Trish has recently moved to Cambridge to take care of her ailing brother. “She’s not in the same league as the others intellectually,” says MacDonald. “When she feels left out, or they’re talking over her head, she tries her best to just chime in, but often, chiming in is exactly the wrong thing. She’s not a person who thinks a lot before she speaks.”
MacDonald fell in love with acting at the age of nine, she says, after landing the title role in a children’s theater production of Pinocchio. “When I did that first play, something just felt right. It felt like I was home,” she says. “My interest never flagged. It was always what I wanted to do.”
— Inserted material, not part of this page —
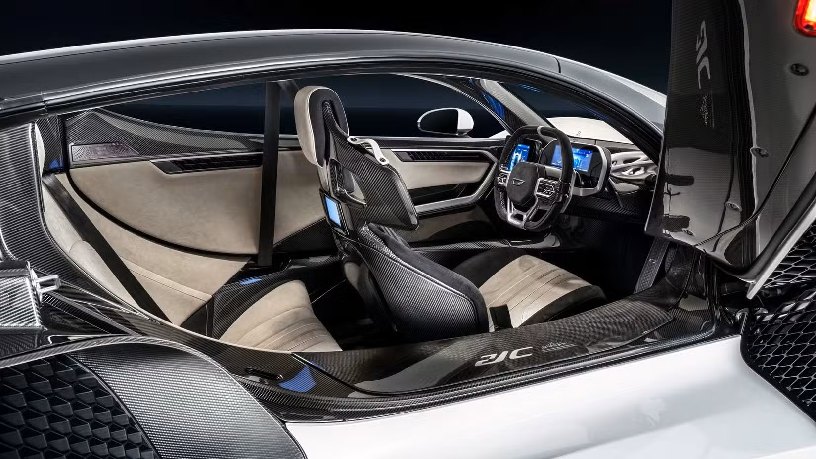 En cette “étroitesse”, la Czinger 21C (2024) est la reine… Sa valeur estimée est de 2 millions de dollars ! La Czinger 21C est une supercar américaine à siège central, avec un design époustouflant et des performances époustouflantes. En fait, on peut l’appeler hypercar car elle développe 1.250cv grâce à un V8 biturbo 2L9 entraînant les roues arrière avec deux moteurs électriques entraînant l’essieu avant. Combinée à une boîte de vitesses séquentielle à 7 rapports, la chaîne motopropulsive (sic !) permet à la 21C de passer de 0 à 60 mph en 1,9 seconde et d’atteindre une vitesse maximale de 253 mph.

When it came time to choose an acting school, MacDonald surprised herself by picking BU. The Milton, Mass., native had imagined herself studying in New York or Chicago or Los Angeles, but at the callback for her BU audition, she says, “there was something about the atmosphere, the people I encountered, the teachers, and I thought, this is the place for me to go.”
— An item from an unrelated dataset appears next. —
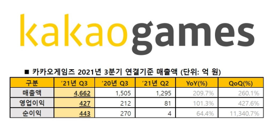 [īī¿À°ÔÀÓÁî] 2021³â 3Q ½ÇÀû ¹ßÇ¥, ¸ÅÃâ Àü³â µ¿±â ´ëºñ 210% Áõ°¡ |

Just before graduation, MacDonald landed a job with a now-defunct improvisational theater company, the Proposition, in Cambridge’s Inman Square. She recalls having to make up songs on the spot, creating rhymes, verses, and a chorus. Sometimes, actors would ask the audience to name a place and an object, and with just a minute to confer with one another, they’d start a scene. That proved to be great training for a career on stage, she says.
When legendary director and acting teacher Robert Brustein founded the American Repertory Theatre in Cambridge in 1980, MacDonald was cast as Celia in a production of Shakespeare’s As You Like It, playing opposite Tony-winning actress Cherry Jones as Rosalind. MacDonald remained with the company for four seasons, returning again in 1995. By her own estimate, she has played more than 70 roles there, including Arkadina in Chekhov’s The Seagull and the title role in Bertolt Brecht’s Mother Courage.
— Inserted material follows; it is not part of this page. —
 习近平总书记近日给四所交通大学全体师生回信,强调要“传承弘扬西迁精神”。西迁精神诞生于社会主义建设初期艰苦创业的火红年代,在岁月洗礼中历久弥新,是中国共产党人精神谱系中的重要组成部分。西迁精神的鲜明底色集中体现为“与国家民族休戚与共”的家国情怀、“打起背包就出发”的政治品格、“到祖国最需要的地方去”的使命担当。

Like most Boston area actors, MacDonald augments her income by teaching. Currently a lecturer in dramatic arts at Harvard, she was the Rev. J. Donald Monan, S.J., Professor in Theatre Arts at Boston College last year and has also taught at the New England Conservatory. “When you teach, you go back to how you were taught, what you were taught,” she says. “I learned a lot from my teachers at BU. I hope that I can take what I’ve learned and turn that around and give it to a younger generation.”
When she finishes her run in Before I Leave You in mid-November, MacDonald will appear in Pulitzer Prize winner Tracy Letts’ Superior Donuts for the Lyric Stage. She will then tackle one of the greatest parts written for an actress by an American playwright: the drug-addicted mother, Mary Tyrone, in Eugene O’Neill’s autobiographical play, Long Day’s Journey into Night, for the New Repertory Theatre. MacDonald admits to being slightly terrified by the challenge, but thrilled to be offered the role. “It’s a play where you kind of have to lay yourself bare. But you get to a certain age when you feel like, I’m so glad I’m going to get to play this part, because pretty soon, it might be too late.”
Asked if there’s a role she’s always wanted to play, MacDonald turns philosophical. “I figure there’s plenty of stuff still to do, plenty left to play. That’s kind of the way it’s worked for me, that a role has come along and turned out to be the right thing at the right time.”